You know the rules of brainstorming in PLCs…
1. No criticism
2. Wild ideas are welcome
3. Quantity is the goal, the more the better.
4. Look for combinations of previous ideas and improvements on previous ideas.
You also know that it helps if your PLCs…
1. Stay focused
2. Stick to one conversation at a time
3. Get visual and physical
4. Use chart paper, white boards, Post-It notes, etc.
You know all these things. But does it work the way you hope it would. Are your PLC brainstorming sessions effective? Are they creative? Do they produce quality ideas to drive instruction and increase student achievement?
According to Keith Sawyer, author of Group Genius, “In many organizations, the group ends up being dumber than the individual members.”
Why you ask?
Because, according to Sawyer, “…decades of research have consistently shown that brainstorming groups think of far fewer ideas than the same number of people who work alone and later pool their ideas.”
In other words, instead of brainstorming, you should brain assemble.

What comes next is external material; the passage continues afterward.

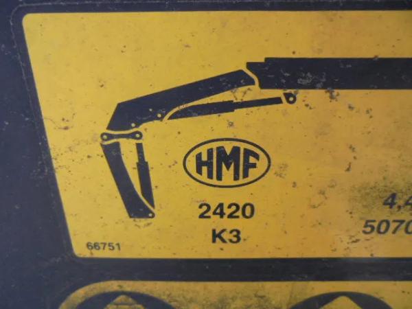 Kraan: HMF 2420K3, bouwjaar 2012, achter de cabine

Put the ideas generated by individual teachers alone into an “idea pool” an assemblage of ideas.
It not that these rules of common brainstorming don’t work, it just that they work best when done by one’s self. “These studies just show that the rules work better when people use them alone than when they use them in groups.”

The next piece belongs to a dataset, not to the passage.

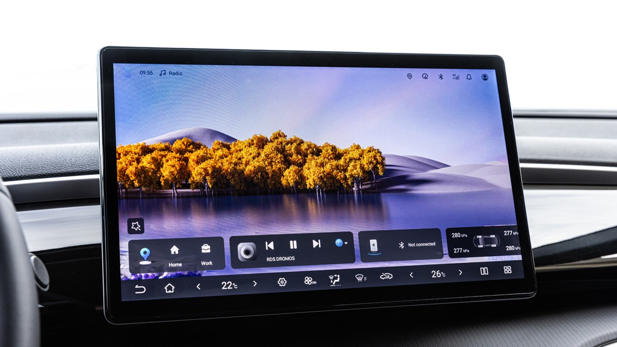 Να επισημάνουμε ότι στο Sealione 5 DM-i η τελευταία δεν περιστρέφεται κατά 90 μοίρες, όπως σε άλλα μοντέλα της ως τώρα, κάτι που είναι ιδιοτυπία της BYD Auto. Αυτό επειδή προς στα τέλη του 2025 τα στελέχη της αποφάσισαν να σταματήσουν να παρέχουν αυτή τη δυνατότητα λόγω του ότι δεν ήταν τόσο χρηστική και προκαλούσε προβλήματα συμβατότητας σε εφαρμογές, όπως το Android Auto. και Apple CarPlay.

A lot of bad ideas are of no use to a PLC. What is needed is a lot of good ideas, or at least as many good ideas as the team is capable of generating.
But what makes an idea “good?”
According to Sawyer, we often judge ideas based on the wrong criteria. “Most
people use the wrong criteria to evaluate their ideas; they think about
what will work, about what worked before, or about what is familiar to
them.”
What
if you judged ideas based on how creative, how original, how unique, or
how valuable they are? If you knew this is how ideas generated by PLC
team members would be measured, chances are the teams would generate
more creative ideas. You should give directions to your PLC teams that
explain this.
Sawyer refers to this as “critical instructions.”

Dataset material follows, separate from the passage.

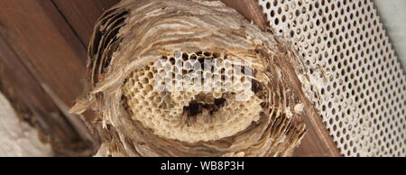 Wespen Das Problem Verursacht Durch Den Bau Von Nest Unter Dem Dach Von Haus Stockfotografie Alamy

Telling your PLC that we want well thought out ideas that meet the instructional needs of students, ideas that are practical, unique, valuable, and high quality; no silly or impossible ideas.
Establishing an evaluation criterion for ideas sounds counter-intuitive, but Sawyer cites studies that show brainstorming sessions are more productive when participants are told their ideas will be evaluated for creativity and that, in fact, participants are more creative than with no criteria at all.
So instead of just telling your PLC teams to fill up a piece of chart paper with ideas, give them “critical directions” and judge them according to your pre-established criteria. You will turn brainstorming into an effective PLC tool, instead of a time wasting activity that fills ups chart paper but does nothing to improve quality of ideas developed using "critical instructions" and "idea criterion." Use the "new rules" of brainstorming.